You can use it to create the same graph by submitting the template and calling PROC SGRENDER:

proc sgrender data=x template=sgplot;
   label line='00'x;
run;

The PROC SGPLOT YAXISTABLE statement is as follows:

   yaxistable line / position=left textgroup=value textgroupid=map;

The statement in the PROC SGPLOT graph template is:

   AxisTable Value=Line Y=Line / labelPosition=min
             textGroup=MAP_VALUE Display=(Label);

The YAXISTABLE statement requires one variable. This is the variable that is displayed in the graph. In contrast, the AXISTABLE statement in the GTL has two variables. The Y= option specifies the Y axis coordinates. By default, PROC SGPLOT sets this option in the template to specify the Y= variable from the primary plot, which in this case is the first SCATTER statement. In the GTL, you specify the Y= option before the slash. In PROC SGPLOT, you can specify this option after a slash.

The PROC SGPLOT example works because every line---every Y= value in the GTL---has a unique value. In particular, the first blank line consists of one nonbreaking space ('A0'x), the second blank line consists of two nonbreaking spaces ('A0A0'x), and the third blank line consists of three nonbreaking spaces ('A0A0A0'x). You must use unique patterns of nonbreaking spaces for this example to work. This could be come problematic in more complicated reports in which some lines might be the same.

PROC SGPLOT generates a LAYOUT LATTICE block that contains two LAYOUT OVERLAY blocks. The option COLUMNWEIGHTS=PREFERRED specifies that ODS Graphics is free to set the width of the axis table and the scatter plot based on the width of the axis table. In the GTL (but not in PROC SGPLOT) you can explicitly control the width by specifying a vector of column weights. For example COLUMNWEIGHTS=(0.75 0.25) creates an axis table that occupies 75% of the vertical space. For advanced uses of the axis table, you might want to explicitly control the axis table width, which means you need to use the graph template. Fortunately, PROC SGPLOT writes graph templates for you that you can save and modify.

This step creates a modified input data set:

data y;
   set x;
   RowID + 1;
   if value eq 'Blank' then line = ' ';
run;

This data set has a RowID variable that contains the row number. Blank lines consist of ordinary blanks and are no longer unique.

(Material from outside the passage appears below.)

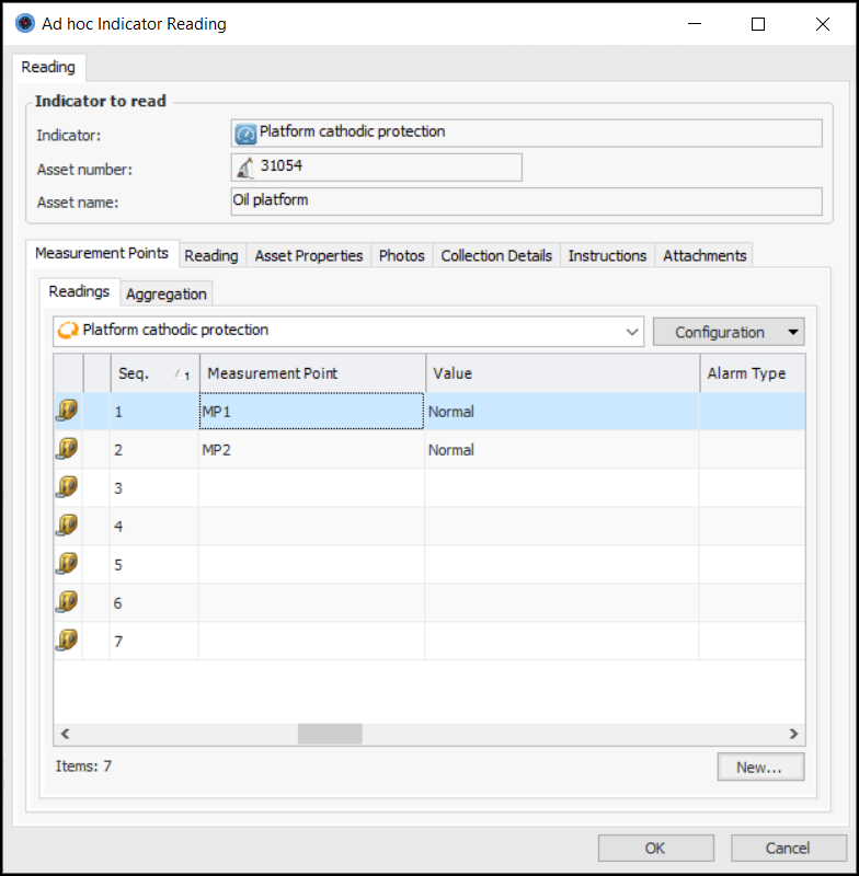 7. From the Readings tab, you can also add variable measurement points. Click New. The Measurement Point Reading dialog appears. For example:Click OK. The Measurement Point Reading dialog closes and the measurement point is added to the table.

You can use a DATA step to edit the graph template. The following step changes the name to 'MyAxisTemplate', specifies weights to give both the axis table and the scatter plot 50% of the vertical space, and modifies the three Y=LINE options to specify Y=RowID.

data _null_;
   infile 'temp.temp';
   input;
   _infile_ = tranwrd(_infile_, 'sgplot', 'MyAxisTemplate');
   _infile_ = tranwrd(_infile_, 'columnweights=preferred',
                                'columnweights=(0.5 0.5)');
   _infile_ = tranwrd(_infile_, 'Y=Line', 'Y=rowid');
   call execute(_infile_);
run;
 
proc sgrender data=y template=MyAxisTemplate;
   label line='00'x;
run;

Except for the change in width, these steps create the same graph as is shown above. By modifying the graph template, you can control the width of each panel, which gives you greater flexibility in making complicated reports.

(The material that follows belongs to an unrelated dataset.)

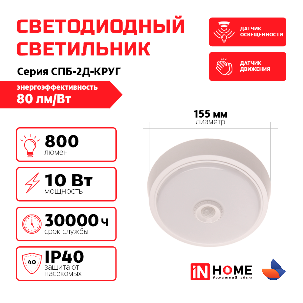 Ниже Вы можете прочитать отзывы на Светильник светодиодный СПБ-2Д-КРУГ 10Вт 230В 4000К 800лм 155мм с настраиваемым датчиком белый IN HOME, ознакомится с подробными характеристиками, посмотреть интересные обзоры и фотографии на Светильник светодиодный СПБ-2Д-КРУГ 10Вт 230В 4000К 800лм 155мм с настраиваемым датчиком белый IN HOME.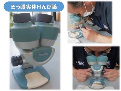 このメダカのたまごですが,直径1mmほどなので,肉眼ではここまで見ることはできません。そこで登場するのが,「そう眼実体けんび鏡」です。学校にあるそう眼実体けんび鏡は教科書に載っているものと少し違いますが,とてもよく見えます。

For more information about using CALL EXECUTE to modify graph templates, see the free web book Advanced ODS Graphics Examples.

The preceding examples work as they do because they have a discrete Y axis. The following example creates a first plot that has a TYPE=DISCRETE Y axis and a second plot that has a TYPE=LINEAR Y axis:

data x(keep=n line);
   do g = 1 to 4;
      do i = 1 to 10;
         k + 1;
         n = k;
         line = put(k, words30.);
         output;
      end;
      line = repeat('A0'x, g - 1); 
      n = .;
      if g lt 4 then output;
   end;
run;
 
data y;
   set x;
   rowid + 1;
   line = compress(line, 'A0'x);
run;
 
proc sgplot data=x noborder tmplout='a';
   yaxistable line / position=left;
   scatter y=line x=n;
   yaxis reverse display=none;
   xaxis display=none;
   label line='00'x;
run;
 
proc sgplot data=y noborder tmplout='b';
   yaxistable line / position=left;
   scatter y=rowid x=n;
   yaxis reverse display=none;
   xaxis display=none;
   label line='00'x;
run;

The RowID variable in the Y data set contains the row number. The SCATTER Y=ROWID variable sets the Y= option in the AXISTABLE statement in the graph template. The TYPE=DISCRETE AXISTABLE statement is the following:

AxisTable Value=line Y=line / labelPosition=min Display=(Label);

The TYPE=LINEAR AXISTABLE statement is:

AxisTable Value=line Y=rowid / labelPosition=min Display=(Label);

Using a numeric row number as the Y coordinate variable in your scatter plot can make it easier to construct axis tables in PROC SGPLOT. This works well when you are not displaying Y axis tick values.

Post a Comment

Hotel Text

hotel_300_5Yesterday, I published an article on Axis values display, where I mentioned the desire expressed by many users to get x-axis tick values in Hotel text orienttion.  The name comes from the way many hotel signs are displayed as shown on the right.  Such arrangement of text can also be very useful for many Asian languages.

There is no direct support for displaying this text in SGPLOT or GTL using some option.  So, I brought up the topic during lunch, and Lingxiao made a great suggestion - We could use the axis values splitting feature to get such arrangement of the x-axis tick values.

If you recall, we can use the FitPolicy=SplitAlways, and this means the value will be split on every occurrence of the split character, which is a space by default.  So, if we can add spaces between each character of the category values and use this FitPolicy, we should get x-axis tick values displayed as hotel text.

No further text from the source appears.